Die deutschen Verleger wollen Geld von Google für ihre Inhalte. Auch deswegen wurde 2013 ein neues Leistungsschutzrecht beschlossen - das den Verlagen allerdings bislang nur Verluste gebracht hat. Jetzt hat der Europäische Gerichtshof die Regelung gekippt.

Christoph Sterz im Gespräch mit Sebastian Wellendorf | 12.09.2019
Nachrichtenüberblick von Google auf einem Smartphone (David Joles/Minneapolis Star Tribune/TNS) Photo via Newscom picture alliance |
Nachrichtenüberblick von Google auf einem Smartphone (picture alliance / newscom / David Joles)
Wer in Suchmaschinen ein Stichwort eingibt, bekommt oft auch Texte von privaten Medienunternehmen angezeigt - zum Beispiel Überschriften und kurze Teaser von Zeitungen und Zeitschriften. Schon seit Jahren fordern die Verlage von Google Geld für die Verwendung dieser kurzen Textschnipsel. Ein Grund für die damalige schwarz-gelbe Regierung 2013, das sogenannte Leistungsschutzrecht zu beschließen. Heute hat der Europäische Gerichtshof (EuGH) das Gesetz nun gekippt.
Dabei ging es allerdings nicht um inhaltliche Argumente, sondern um einen Formfehler: Die Richter entschieden, dass die Bundesregierung das Gesetz der Europäischen Kommission hätte vorlegen müssen - was sie nicht getan hat. Deswegen sei die Regelung nicht anwendbar, erklärte der EuGH.

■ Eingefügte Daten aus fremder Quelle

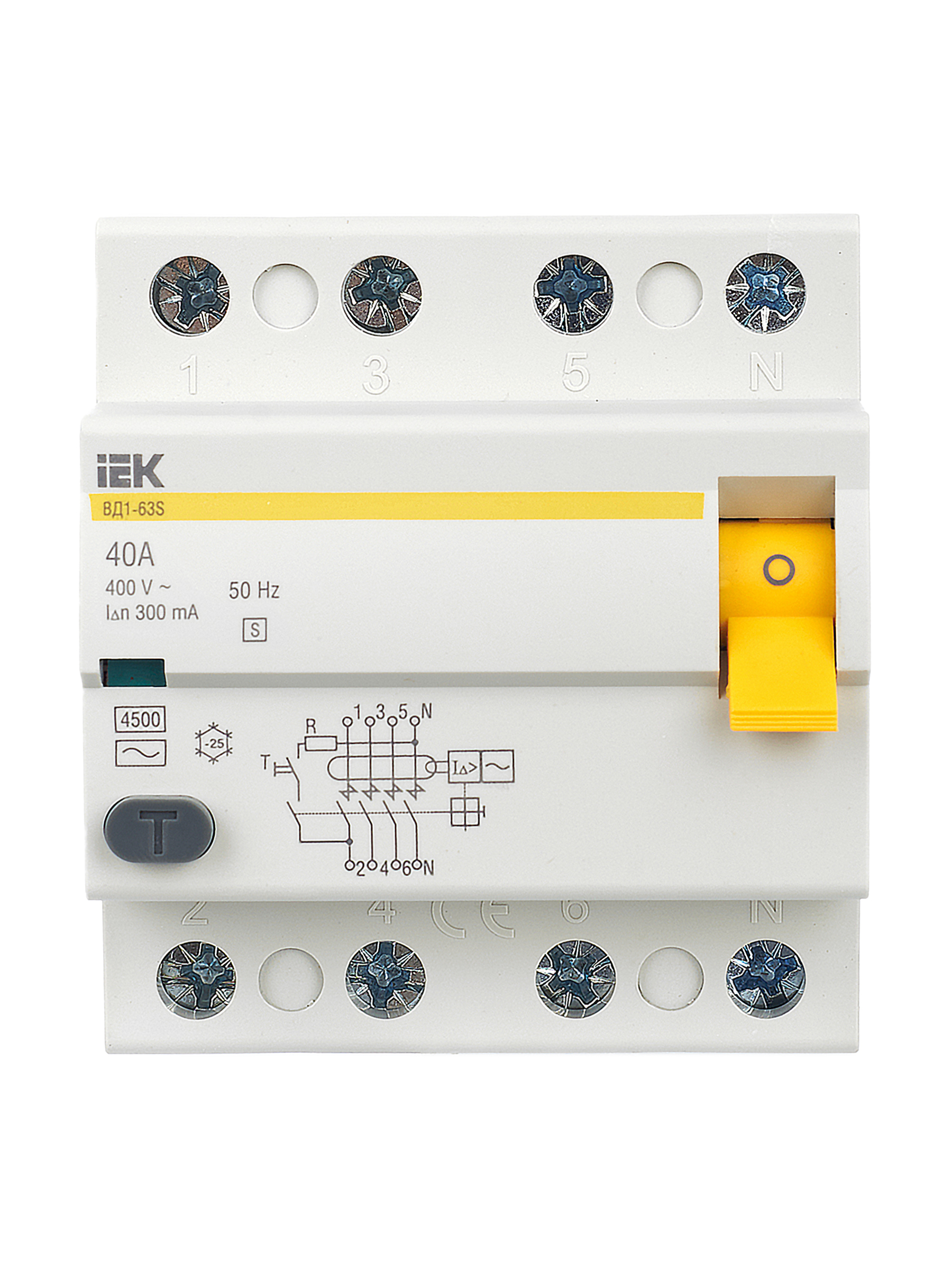 Выключатель дифференциальный (УЗО) ВД 1-63S 4Р 40А 300мА IEK

Einnahmen decken nicht einmal Verwaltungskosten
Es ist aber nicht so, dass den Verlegern durch die Entscheidung große Gewinne verloren gehen: Seit seiner Einführung war das neue Leistungsschutzrecht für die Verlage ein Minusgeschäft. Das zeigen die Jahresabschlussberichte der VG Media. Die Verwertungsgesellschaft vertritt die Interessen vieler kommerzieller Medien, darunter die der Funke-Mediengruppe, des Axel-Springer-Verlags und von Madsack.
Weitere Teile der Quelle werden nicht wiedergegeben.